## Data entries

BEGIN

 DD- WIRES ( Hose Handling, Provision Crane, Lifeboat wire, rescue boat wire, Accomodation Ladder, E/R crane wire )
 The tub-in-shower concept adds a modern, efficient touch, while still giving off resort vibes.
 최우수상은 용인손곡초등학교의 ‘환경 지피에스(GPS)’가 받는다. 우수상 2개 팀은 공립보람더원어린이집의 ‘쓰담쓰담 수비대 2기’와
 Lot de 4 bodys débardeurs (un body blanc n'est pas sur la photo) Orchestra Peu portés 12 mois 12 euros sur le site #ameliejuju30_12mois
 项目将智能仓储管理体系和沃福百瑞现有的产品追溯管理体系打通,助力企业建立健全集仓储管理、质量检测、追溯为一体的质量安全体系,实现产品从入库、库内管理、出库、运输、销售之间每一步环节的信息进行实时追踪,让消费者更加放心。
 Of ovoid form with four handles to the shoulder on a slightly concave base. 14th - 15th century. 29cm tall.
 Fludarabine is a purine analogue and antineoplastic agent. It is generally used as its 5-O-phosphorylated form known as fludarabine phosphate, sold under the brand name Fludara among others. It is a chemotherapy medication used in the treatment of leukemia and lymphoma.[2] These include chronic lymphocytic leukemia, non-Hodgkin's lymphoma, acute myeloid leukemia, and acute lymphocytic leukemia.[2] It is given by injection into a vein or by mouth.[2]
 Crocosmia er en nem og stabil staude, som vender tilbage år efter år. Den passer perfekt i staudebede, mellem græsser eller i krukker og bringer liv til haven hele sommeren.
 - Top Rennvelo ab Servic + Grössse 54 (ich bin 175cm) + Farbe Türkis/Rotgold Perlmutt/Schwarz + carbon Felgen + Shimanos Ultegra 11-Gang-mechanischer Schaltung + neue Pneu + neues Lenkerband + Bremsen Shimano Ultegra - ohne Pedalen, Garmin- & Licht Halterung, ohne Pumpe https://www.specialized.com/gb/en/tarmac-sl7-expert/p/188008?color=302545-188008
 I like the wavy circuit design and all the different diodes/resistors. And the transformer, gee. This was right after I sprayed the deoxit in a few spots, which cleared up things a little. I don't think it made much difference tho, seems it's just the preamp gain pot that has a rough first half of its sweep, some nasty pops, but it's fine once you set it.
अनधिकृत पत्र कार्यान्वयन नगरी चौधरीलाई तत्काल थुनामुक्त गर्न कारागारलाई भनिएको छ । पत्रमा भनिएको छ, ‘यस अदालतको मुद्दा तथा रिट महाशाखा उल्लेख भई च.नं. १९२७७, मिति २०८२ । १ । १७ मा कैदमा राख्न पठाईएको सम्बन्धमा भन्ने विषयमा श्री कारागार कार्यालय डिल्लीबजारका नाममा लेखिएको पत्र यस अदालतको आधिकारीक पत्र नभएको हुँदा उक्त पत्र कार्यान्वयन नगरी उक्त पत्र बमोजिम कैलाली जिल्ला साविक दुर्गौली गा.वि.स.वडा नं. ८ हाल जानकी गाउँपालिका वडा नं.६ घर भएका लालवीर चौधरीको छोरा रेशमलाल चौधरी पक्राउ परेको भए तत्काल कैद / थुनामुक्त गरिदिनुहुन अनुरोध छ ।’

END

## Assignment
What you give back should be only the lines of the records above, starting at the line with "项目将智能仓储管理体系和沃福" and ending at the line with "Crocosmia er en", restated word for word.

## Response for this exercise
 项目将智能仓储管理体系和沃福百瑞现有的产品追溯管理体系打通,助力企业建立健全集仓储管理、质量检测、追溯为一体的质量安全体系,实现产品从入库、库内管理、出库、运输、销售之间每一步环节的信息进行实时追踪,让消费者更加放心。
 Of ovoid form with four handles to the shoulder on a slightly concave base. 14th - 15th century. 29cm tall.
 Fludarabine is a purine analogue and antineoplastic agent. It is generally used as its 5-O-phosphorylated form known as fludarabine phosphate, sold under the brand name Fludara among others. It is a chemotherapy medication used in the treatment of leukemia and lymphoma.[2] These include chronic lymphocytic leukemia, non-Hodgkin's lymphoma, acute myeloid leukemia, and acute lymphocytic leukemia.[2] It is given by injection into a vein or by mouth.[2]
 Crocosmia er en nem og stabil staude, som vender tilbage år efter år. Den passer perfekt i staudebede, mellem græsser eller i krukker og bringer liv til haven hele sommeren.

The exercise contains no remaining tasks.